BY: Jessica Jones-Gorman. After years of observing the technology boom from afar, monitoring the progress of Silicon Valley as well as all of its apps and innovation, the faculty and administration at the College of Staten Island decided to actively participate in the nation’s digital revolution.
“Technology is such a predominate, booming sector in all of the outer boroughs, but did not have much representation here in Staten Island,” noted Jasmine Cardona, director of CSI’s Tech Incubator Program, a year-old venture that has had great success in fostering a community of tech innovators. “So we created this hub that serves multiple economic development initiatives. We are focused on helping small tech startups find the platform and resources that they need to succeed, and we are also concentrating on building and scaling these companies which be of great benefit to our community.”
The Tech Incubator, which will head into its third cycle this fall, serves a two-fold purpose: In addition to being a resource for the borough’s local talent, the program also aims at attracting a new generation of entrepreneurs to Staten Island, in turn fostering a vibrant technological ecosystem, creating jobs and bringing an overall economic vitality to the community.

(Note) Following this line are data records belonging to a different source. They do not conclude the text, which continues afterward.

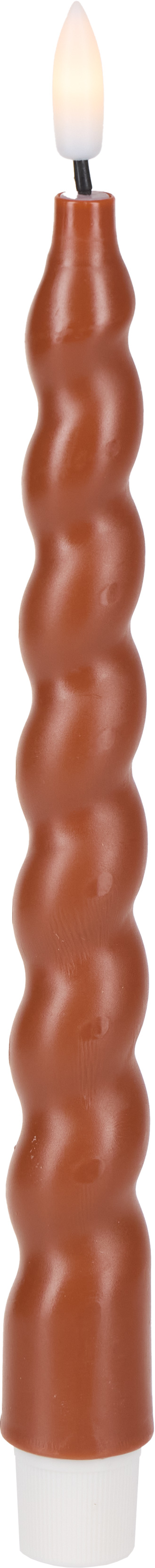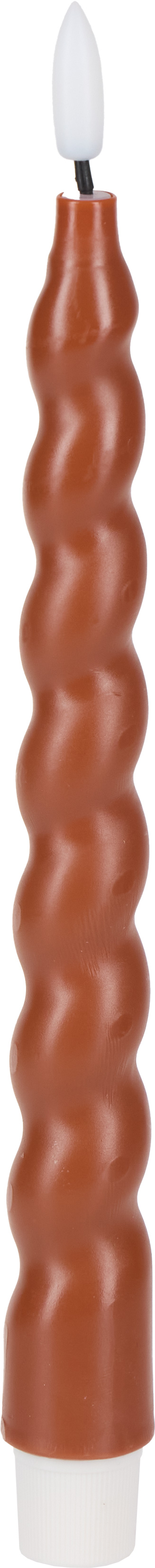 Zestaw 2 świec spiralnych „COZY LIGHT”-4 LED to elegancki komplet dekoracyjny, który wprowadzi do wnętrza przytulny i nastrojowy klimat. Wykonane z prawdziwego wosku w stylowym brązowym kolorze, zachwycają smukłą, spiralną formą, idealną do świeczników, stroików oraz klasycznych aranżacji stołu. Dzięki technologii LED świece emitują delikatne światło imitujące naturalne migotanie płomienia, zapewniając bezpieczną i efektowną alternatywę dla tradycyjnych świec. Wymiary jednej świecy to 2,5 × 2,5 × 24,5 cm.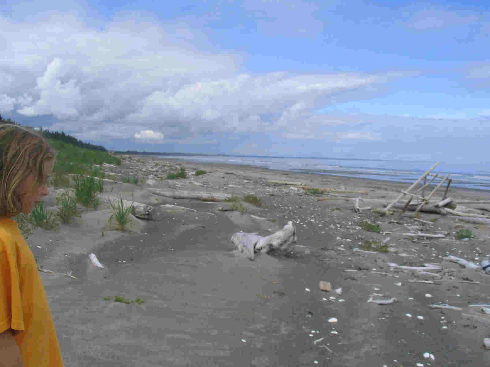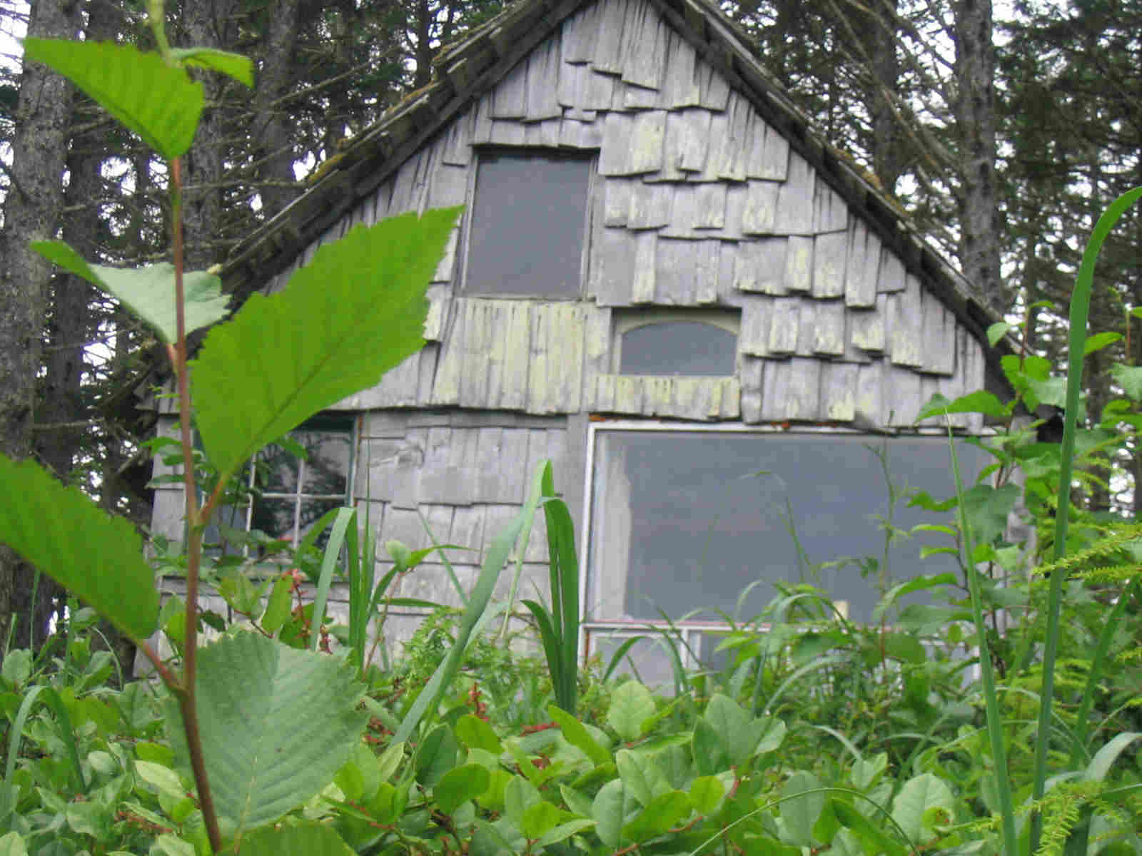 Nice long ferry ride (1pm - 7:30pm). Rich told us about some cabins on the north beach of Graham Island (the north island). We decided to try for it and drove 1.5 hours from the ferry to this cabin.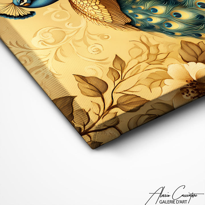 Le style précieux et la couleur dorée subliment cette notre tableau luxueux du paon. Ce tableau capture la lumière et crée un effet somptueux qui évoque richesse et opulence. Un tableau qui transforme votre intérieur avec son aura précieuse et sa présence royale, parfait pour les décors recherchant une touche d'exception.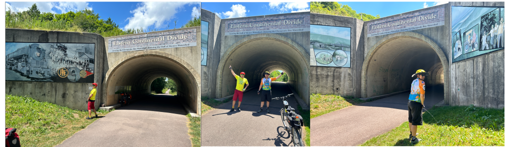 The trip had the normal views then the forest started to open up then some more and eventually to the Salisbury viaduct which puts us over a hundred feet in the air over some of the most beautiful Pennsylvania landscape, with trains and highways and rivers. And we saw a guy on ye old bike (a penny farthing). We continued on eventually hitting Meyersdale and many other bridges like the keystone viaduct and eventually an Amish shopping stand where we resupplied on cherries with the pits, cucumbers and I bought Boo a gift. We kept pretty entertained spitting the cherries pits at trail signs and other landmarks while moving. Eventually we make it the longest down hill on the trek marked by the Eastern continental divide. You see if a drop of water landed on the western half of this tunnel it will flow to the gulf of Mexico.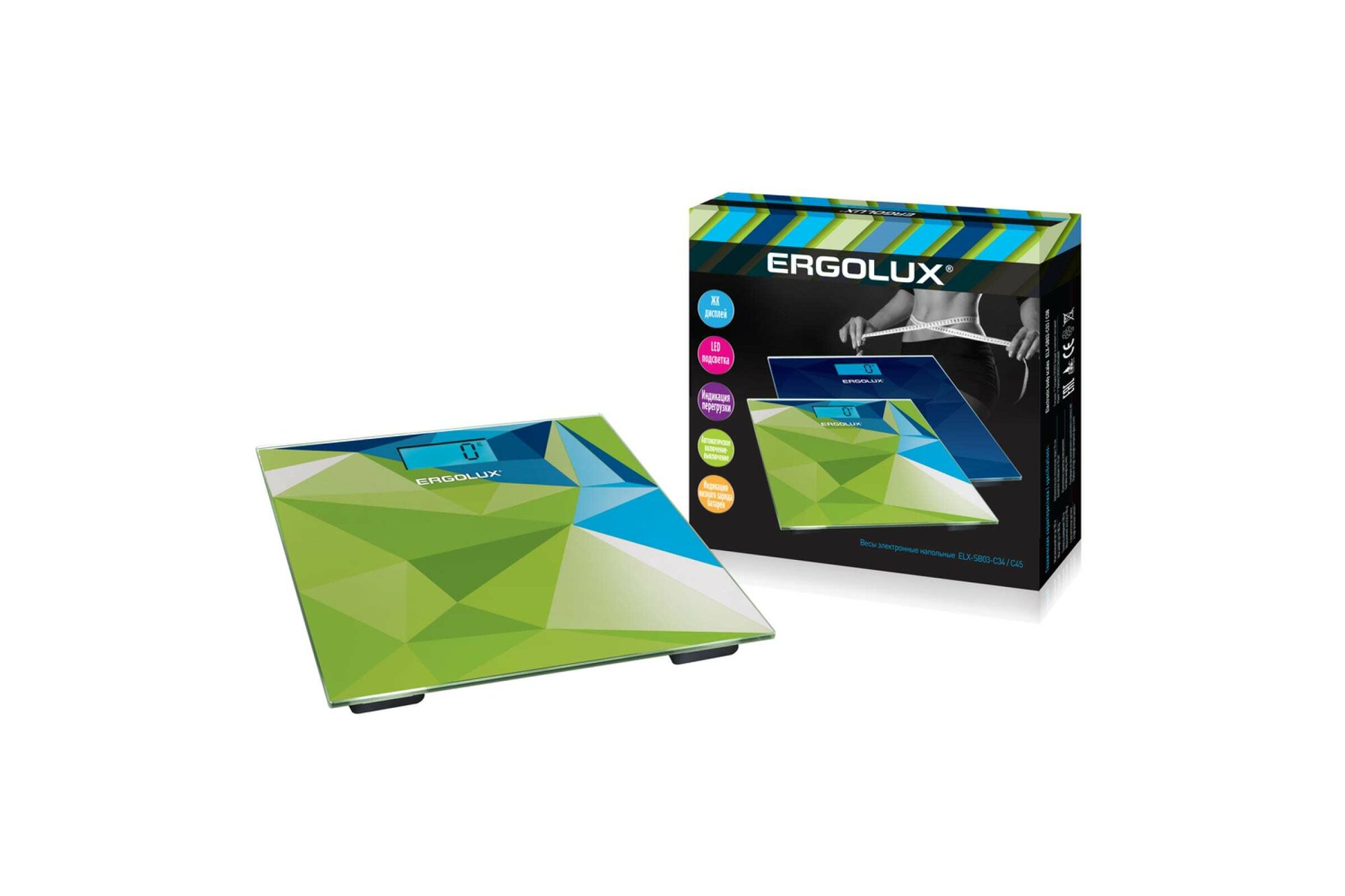абстракция зелено-синяя ( весы напольные до 180 кг, LED подсветка), ERGOLUX ELX-SB03-C34 (1 шт.)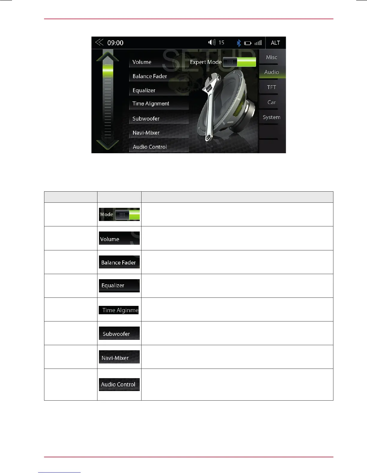 settings. Such as Equalizer, Time Alignment, Navi-Mixer, etc. Please refer to the listings on the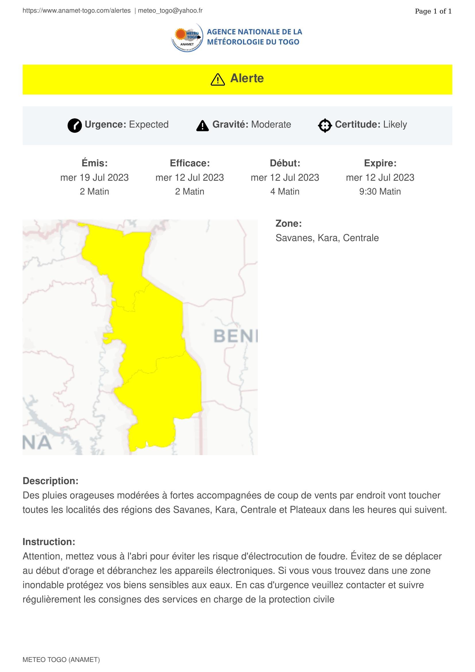 Des pluies orageuses modérées à fortes accompagnées de coup de vents par endroit vont toucher toutes les localités des régions des Savanes, Kara, Centrale et Plateaux dans les heures qui suivent.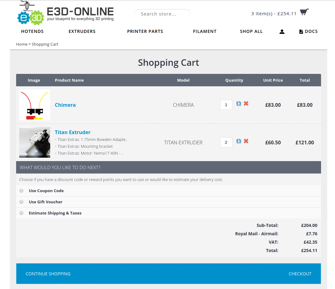 Ohne mich jetzt über die Teile genauer zu informieren habe ich bei E3D mal einen Warenkorb angelegt, um eine ungefähre Größenordnung zu haben.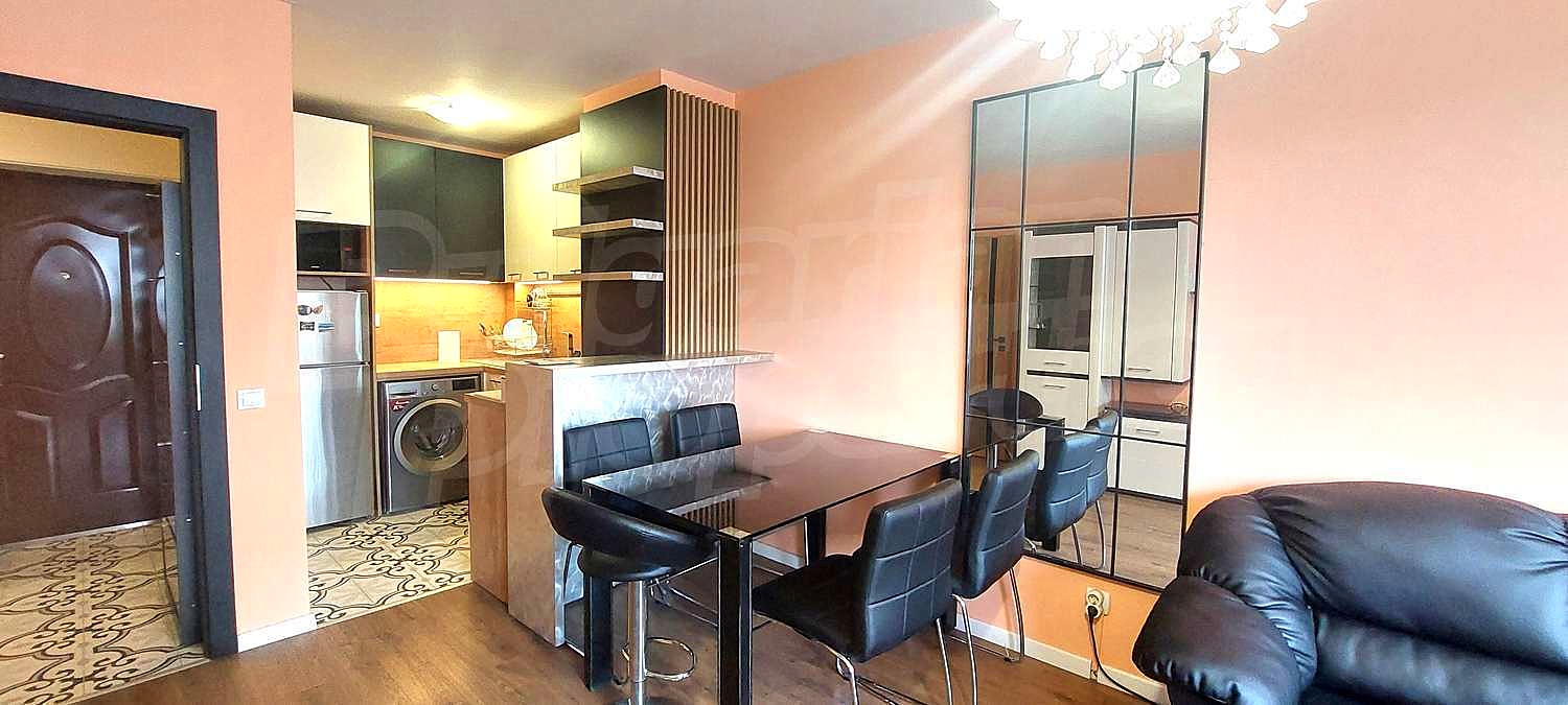 - A spacious living room with kitchenette, where the modern kitchen is equipped with all necessary appliances and the dining and relaxation area offers complete comfort for everyday life;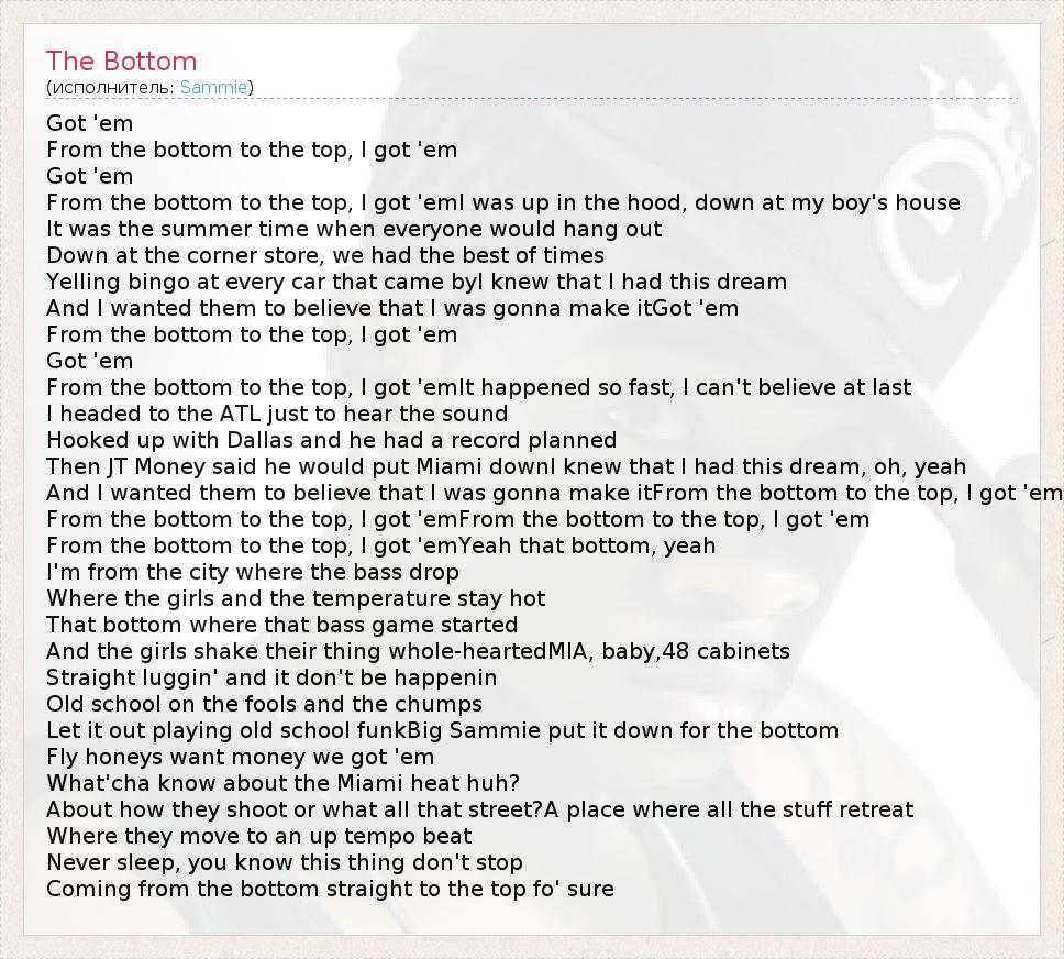 From the bottom to the top, I got 'emFrom the bottom to the top, I got 'em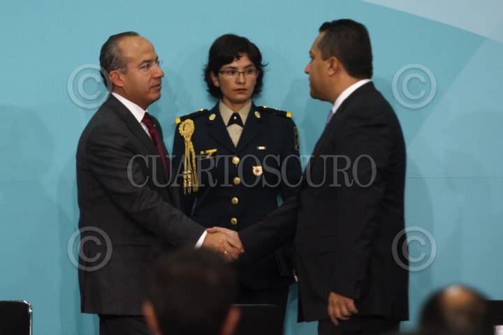 MÉXICO, D.F., 26AGOSTO2010.- El presidente Felipe Calderón durante el evento Debilitando el Poder Económico de la Delincuencia Organizada que se realizo en el salón Adolfo López Mateos de la residencia oficial de Los Pinos. FOTO: RODOLFO ANGULO/CUARTOSCURO.COM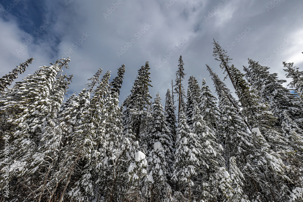 Pine and Spruce Trees covered in snow during a Rocky Mountain Winter

“We want to be an access point to attract talent to the borough,” Cardona said. “And being located in St. George, we are really tapping into the Borough President’s mission of creating this tech corridor, putting a stake in the ground and building a sort of frontier here on the North Shore where our companies can easily connect to the resources of the city.”
Companies from all over the world are welcome to apply, but the startup must be beyond the idea phase and ready for launch.
“Any new company that comes to us should be incorporated,” Cardona said. “We work with companies who have already developed a service, have entered the market or are getting ready to launch. For a $200 per month nominal fee each company receives valuable support services and participates in business development programs.”
Participants receive 24-hour access to their workspace, administrative support and unlimited mentoring: A staff of diverse professionals guides business owners on everything from branding and marketing to building equity and protection of intellectual property.
“CSI has such a wealth of expertise for these companies to draw from,” Cardona said. “Our faculty is there to offer an array of technical and legal advice. We have created a robust technological ecosystem here that includes strategic mentors, industry professionals, faculty, sponsors, government leaders and a dedicated tactical team — all with the mutual goal of supporting and elevating our entrepreneurs.”
And the unique formula has already proved successful: One of the program’s inaugural participants, Walk and Explore, a breakthrough tourism app that uses cognitive technology, recently closed a contract with IBM which will co-brand some of their apps.
Another participant, Vectuel, which designs highly innovative 3D models and websites, was awarded the SBS Neighborhood Challenge and recently signed on to develop 3D renderings for a few high profile construction projects in Manhattan.
“Each and every participant is doing new and innovative things,” Cardona said. “From artificial intelligence to facial recognition — they are all producing a wide range of amazing technologies.”
G-dii, which captures cultural data and correlates it to performance, has created an algorithm to help organizations assess their company from top to bottom, measuring how well they’re doing in terms of inclusivity and empathy. Rentah, a peer-to-peer marketplace where anyone can rent goods and services, taps into the idea that people are looking to be more resourceful and eco-friendly.
“Rentah recognizes that consumers are much more financially savvy,” Cardona said. “It’s an app that allows users to rent and share goods and services, a concept which has garnered great popularity over the past several years.”
During their time in the Incubator, each company takes part in sessions dedicated to different business development tasks and the goal of the program is to keep alumni engaged as part of a larger network.
“Our goal is to always be connected,” Cardona concluded. “There is no one-size-fits-all template for this type of program. But our vision going forward is to curate a holistic hub for startups at all different stages of development. Our hope is to expand and keep companies on board for future support and guidance. We’ve had great success over the past year, and we only hope to continue that success in the future.”